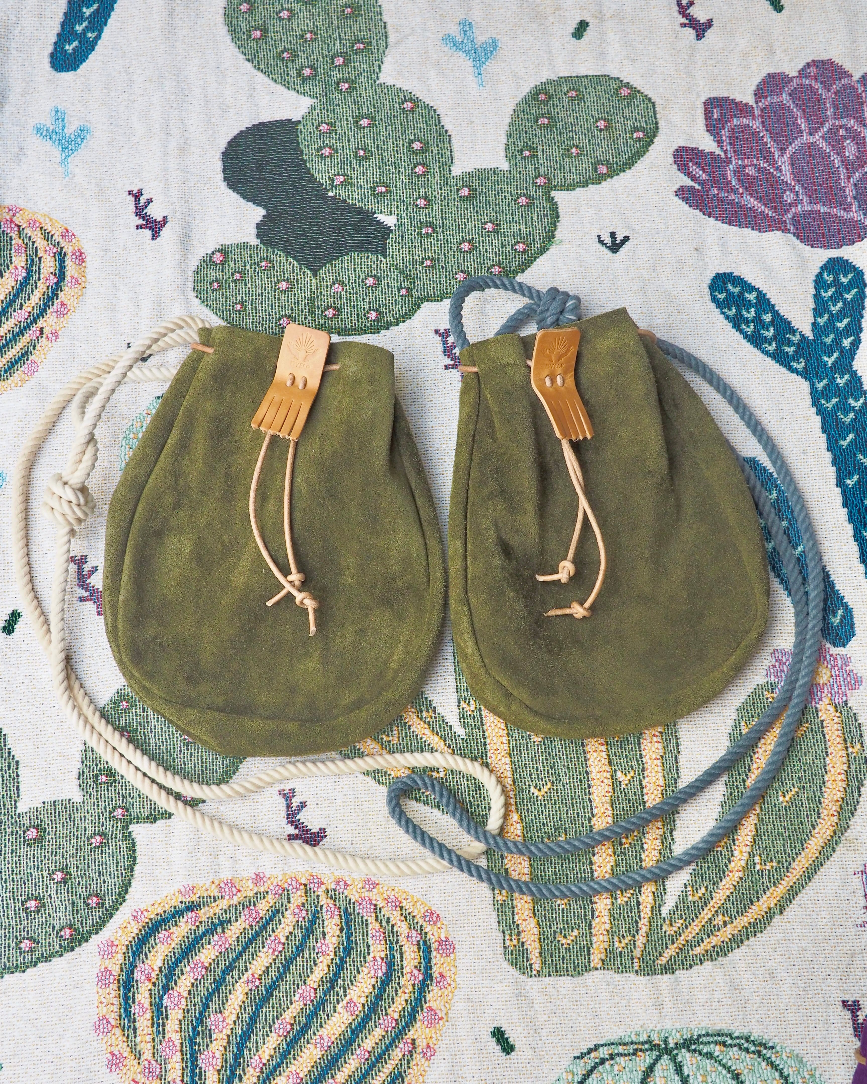 程よい毛羽立ちと、発色の良い国産牛スエードを使用した、巾着タイプのショルダーバッグ。
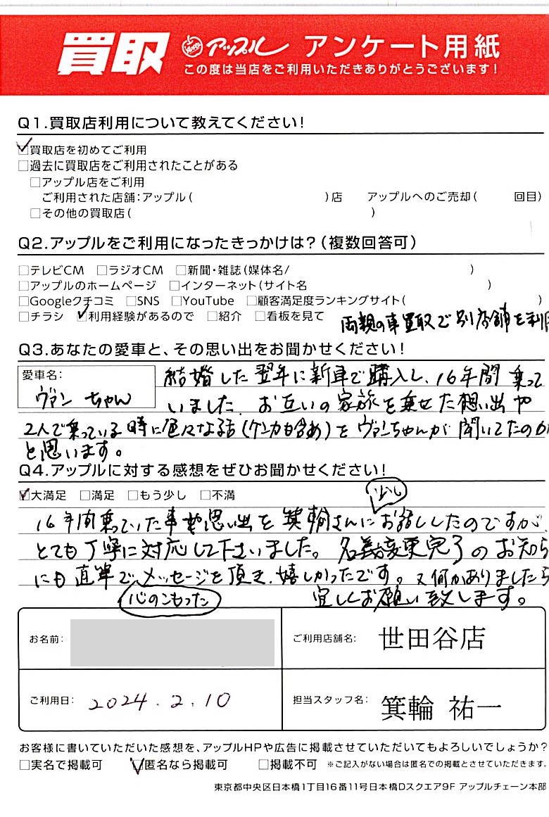 東京都杉並区 アンケート用紙より I様 車名:トヨタ ヴァンガード
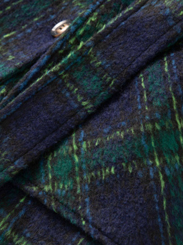Manteau long vert à carreaux Blackwatch col cranté des années 1940 – Retro Stage-France
◇ ◇ ◇ ◇ ◇
#### TASK STATEMENT
From the first line to the last, write out the data exactly, dropping any pictures.

#### YOUR RESPONSE
 程よい毛羽立ちと、発色の良い国産牛スエードを使用した、巾着タイプのショルダーバッグ。
 東京都杉並区 アンケート用紙より I様 車名:トヨタ ヴァンガード
Manteau long vert à carreaux Blackwatch col cranté des années 1940 – Retro Stage-France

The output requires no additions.